Activity: Transcribe the whole listing exactly, but do not carry over its pictures.

--- Dataset section Enclosed Below ---

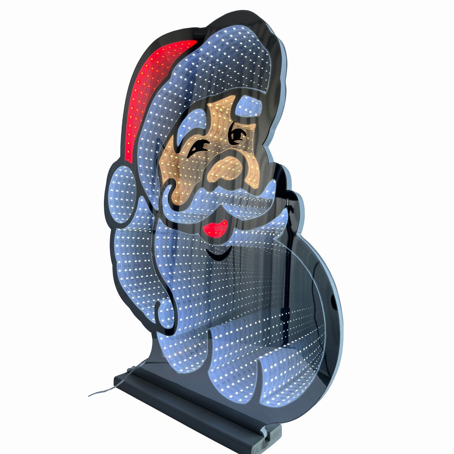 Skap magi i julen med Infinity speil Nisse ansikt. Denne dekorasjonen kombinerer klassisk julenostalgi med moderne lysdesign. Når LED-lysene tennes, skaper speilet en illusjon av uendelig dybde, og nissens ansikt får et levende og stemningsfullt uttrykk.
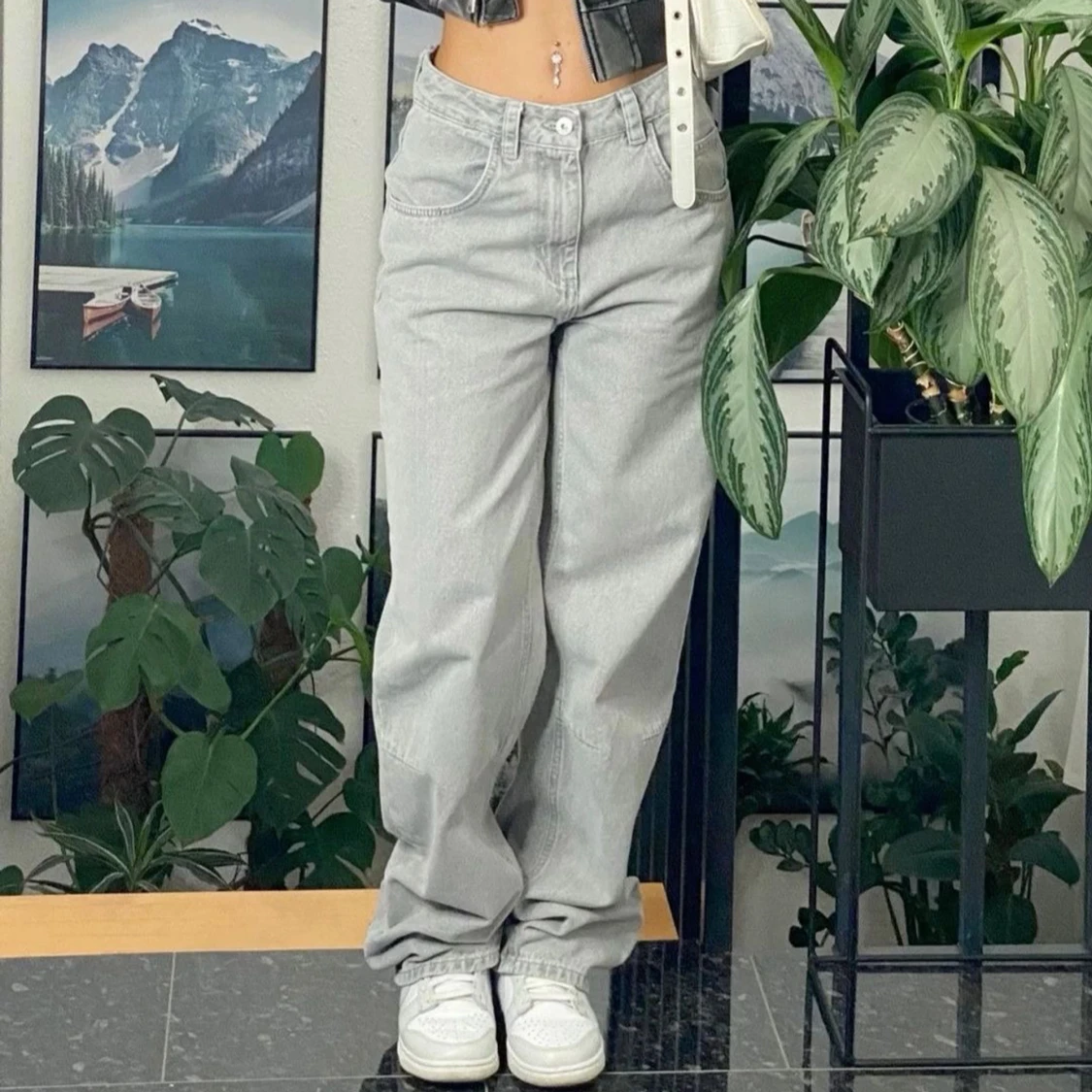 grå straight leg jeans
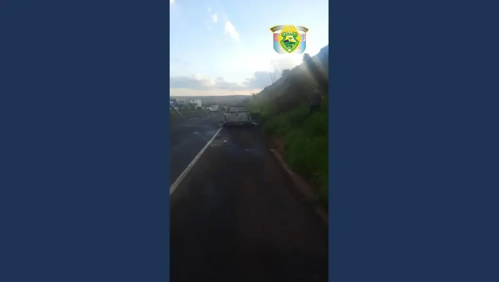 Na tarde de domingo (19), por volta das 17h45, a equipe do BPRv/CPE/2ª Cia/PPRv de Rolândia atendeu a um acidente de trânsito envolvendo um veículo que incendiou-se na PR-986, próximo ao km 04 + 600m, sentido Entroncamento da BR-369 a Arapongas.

--- End of Enclosed Dataset section ---

Written answer:
 Skap magi i julen med Infinity speil Nisse ansikt. Denne dekorasjonen kombinerer klassisk julenostalgi med moderne lysdesign. Når LED-lysene tennes, skaper speilet en illusjon av uendelig dybde, og nissens ansikt får et levende og stemningsfullt uttrykk.
 grå straight leg jeans
 Na tarde de domingo (19), por volta das 17h45, a equipe do BPRv/CPE/2ª Cia/PPRv de Rolândia atendeu a um acidente de trânsito envolvendo um veículo que incendiou-se na PR-986, próximo ao km 04 + 600m, sentido Entroncamento da BR-369 a Arapongas.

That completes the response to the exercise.